In May 2009 the Company contacted the Reporting Persons to discuss a potential
sale of additional Shares. A nondisclosure agreement was executed and
information was exchanged. No transaction resulted from those discussions.

Recently, the Company discussed with the Reporting Persons the potential
purchase of additional Shares in conjunction with the Company's proposed public
sale of Shares as reflected in the SEC registration statement on Form S-1 filed
October 2, 2009 (the "Offering"). An informal understanding has been reached
between the parties that will allow the Reporting Persons to maintain their
approximate percentage ownership in the Company pursuant to a directed sale of
registered Shares in the Offering. However, the Company is under no legal
obligation to sell any Shares to the Reporting Persons in connection with any
sale of Shares, nor are the Reporting Persons under any legal obligation to
purchase any Shares.



ITEM 5.           INTEREST IN SECURITIES OF THE ISSUER.

        (a) As of the close of business on January 22, 2009, the Reporting
Persons beneficially owned an aggregate of 2,641,286 Shares, constituting
approximately 30.1% of the Shares outstanding.

        The aggregate percentage of Shares beneficially owned by the Reporting
Persons is based upon 8,781,000 Shares outstanding, which is the total number of
Shares outstanding as of November 4, 2009 as reported by the Issuer in its
Quarterly Report on Form 10-Q for the period ended September 30, 2009.

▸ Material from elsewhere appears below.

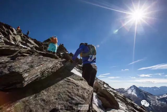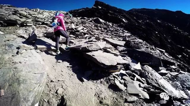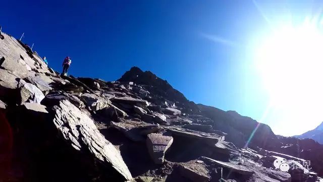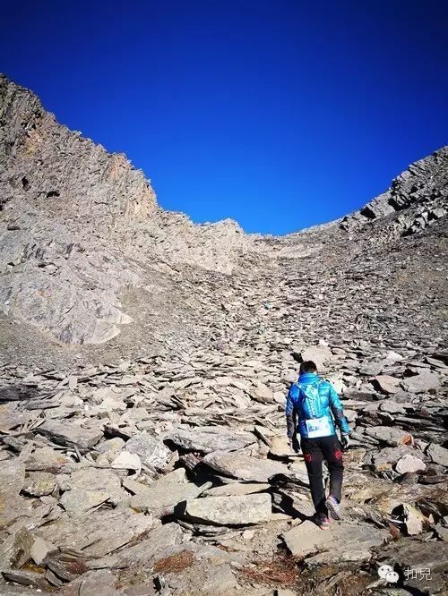 下山路上我收获了无数顶起高反努力往上爬滴羡慕和仰望的目光,没有上升那么辛苦,不能跟大神一样蹦下来,至少我还可以小跑,小心翼翼的跑。心头还是多爽快的,太阳晃得厉害,全副武装遮严实,以安全为主,跳,跑,偶尔遇到松动的石头块块站不稳前前后后的晃就赶紧往后坐,实在不行就一勾子坐地上手撑到碎石板过梭,这个时候手套比手杖好用,看来我这盘背仗又是各人胀笨了。

        (b) IAT is the record owner of all 2,641,286 Shares. Mr. Kellogg has
sole dispositive and voting power with respect to the Shares owned by IAT. By
virtue of his position with IAT, Mr. Kellogg may be considered to indirectly
beneficially own such shares. Mr. Kellogg disclaims beneficial ownership of the
shares owned by IAT. In addition, Mr. Kellogg disclaims beneficial ownership of
202 Shares owned by his wife, Cynthia. This statement should not be deemed to be
an admission that Mr. Kellogg is a member of any "group" within the meaning of
Section 13(d) of the Securities Exchange Act of 1934, as amended, and the rules
and regulations thereunder.

        (c) Information concerning transactions in the Shares effected by the
Reporting Persons since December 31, 2007 is set forth in Schedule A hereto and
is incorporated herein by reference. Unless otherwise indicated, all of such
transactions were effected in the open market.

            Schedule A provides details regarding the Reporting Persons'
transactions in the Shares over the past 22 months. All of the Share
transactions during this period were purchases. Forms 4 were filed by the
Reporting Persons with the SEC to reflect all transactions. Unfortunately, due
to administrative error, only the Form 4 filings were made with the SEC and
became public. This Schedule 13D is being filed to amend and bring current all
disclosure required of the Reporting Persons by Schedule 13D and relevant SEC
rules. Specifically, Rule 13d-2(d) required an amended Schedule 13G to be filed
regarding the purchase on April 7, 2008. In addition, Rule 13d-1(f) required a
Schedule 13D to be filed regarding the purchase on May 21, 2008. Lastly, Rule
13d-2(a) required amendments to Schedule 13D be filed following the purchases on
May 28, 2008, July 31, 2008 and August 8, 2008. See Schedule A for details.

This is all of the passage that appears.